The court flaunts its vindictive motives yet pretends to apply Colorado ethical standards against disrupting a tribunal and engaging in conduct prejudicial to the administration of justice. Judge Blackburn had admitted the record doesn't support his conclusions, and the same holds for the ethics court, allowing the verdict to avenge Brennan's "impertinence," instead of reflecting the evidence: "Simply recounting Brennan's myriad and varied transgressions does not adequately capture the pervasiveness and the magnitude of his prejudicial behavior," Judge Blackburn had written.
Mark Brennan did what any trial attorney must try to do when confronting a trial judge biased against his client yet acting within his discretion: he replaced the judge at the pinnacle of the jury's respect. The maneuver's difficulty is attested by the contempt citation Brennan earned in its execution, but the possibility of this maneuver's success preconditions a real jury trial. Standing for prohibiting success in this subtle encouragement to a jury's moral mutiny, officer-of-the-court jurisprudence would guarantee the judge his respect by right, when the law only gives the judge every procedural advantage to maintain it.

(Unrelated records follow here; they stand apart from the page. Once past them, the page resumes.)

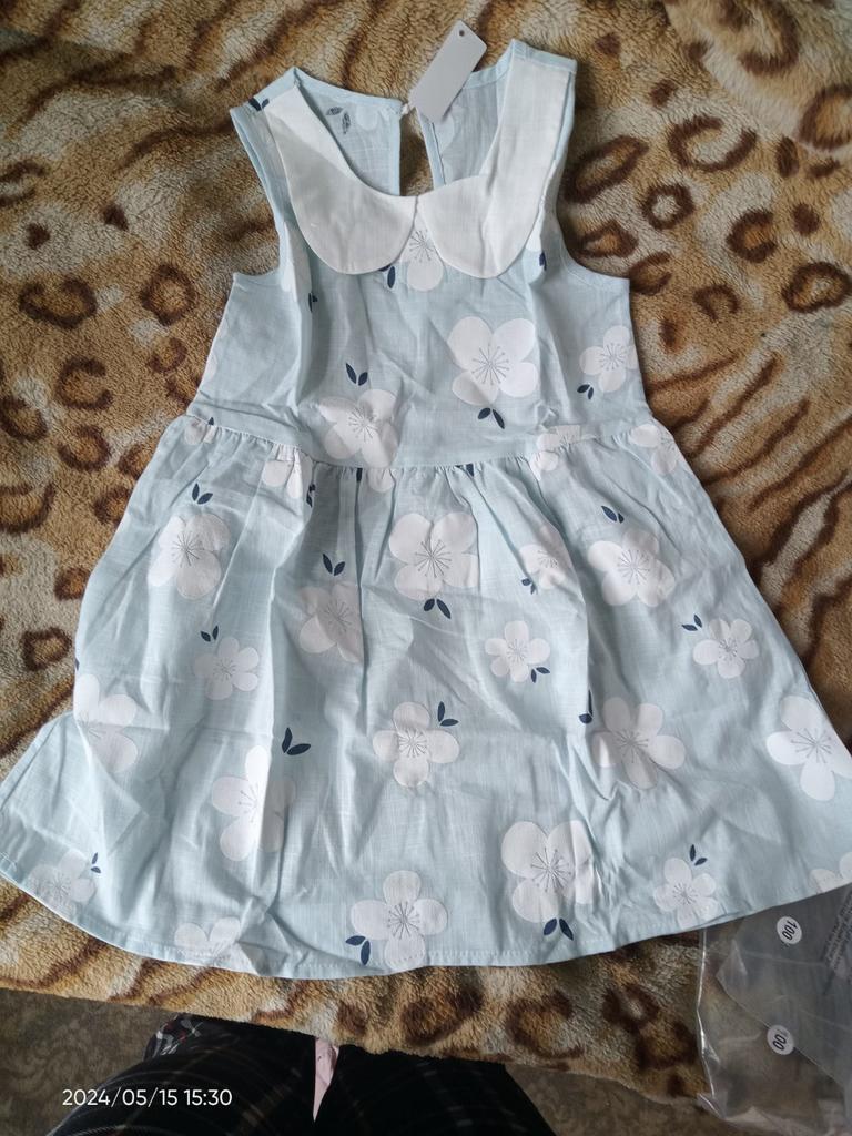 The dress is cotton, white flowers seem to be printed with rubber paint. The look of the dress is delicate, sewn neatly, there is a smell of dampness. It’s still too big for us, no big deal) overall it’s a nice, good dress) thank you)
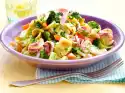 Add the peas and bring to the boil. Let simmer for about 5 minutes. Rip bacon into strips and add to the sauce. Season with pepper and lemon juice. Drain noodles and arrange on plates with the sauce.
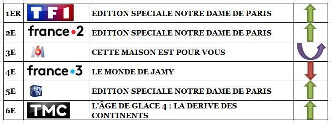 Un point sur les audiences de la soirée du 15/04/2019 :
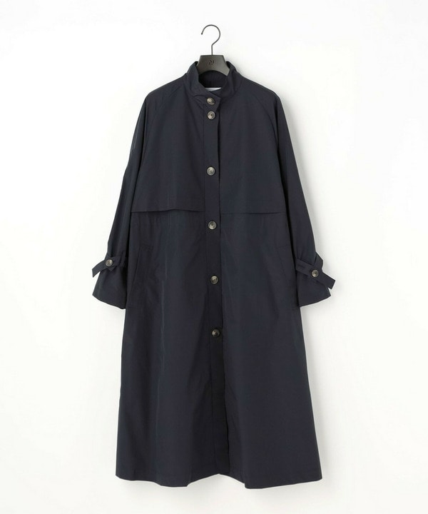 綿のカジュアル感がマッチしているスタンドカラーのトレンチコート。

Brennan tried to introduce his deposition of the jury foreman as evidence in the discipline case, but the court didn't allow it; Brennan's success was his real transgression. The tenor of the jury-foreman's exculpation:
You were absolutely polite. You tried your best. I know you did. You could tell. The other jurors could tell that you did. You didn't disrupt the trial in our hearing... ¶ But as far as the jury impression, no, it was a clash of styles. You were not impolite. You were an absolute gentleman. (Dillingham Deposition, January 2009, 54: 6 -- 14.)
Brennan had won over this jury, despite the court's bias. When the jury foreman heard of the original verdict's partial revocation, she perceived it as "an attack on me, and … an attack on the jury... [A]n attack on a jury that he portrayed as so ignorant and so naive that we could not see through the BS that was going on to get to the question ..." The pedestal where jurors put the judge, which courtroom procedure takes such pains to construct and repair, was leveled: "I would like to sue for libel. ... This is a judge that I told everybody I met I thought was the epitome of what a good judge should be.... It was Alice down the rabbit hole." (21: 7 -- 12.)
Courtroom justice involves delicate balances, and among the balanced factors is the right of an attorney to try to turn the jury's respect away from a biased judge. Officer-of-the-court jurisprudence, enforced by the state bars, is an aberration threatening to become the rule which emasculates the jury trial.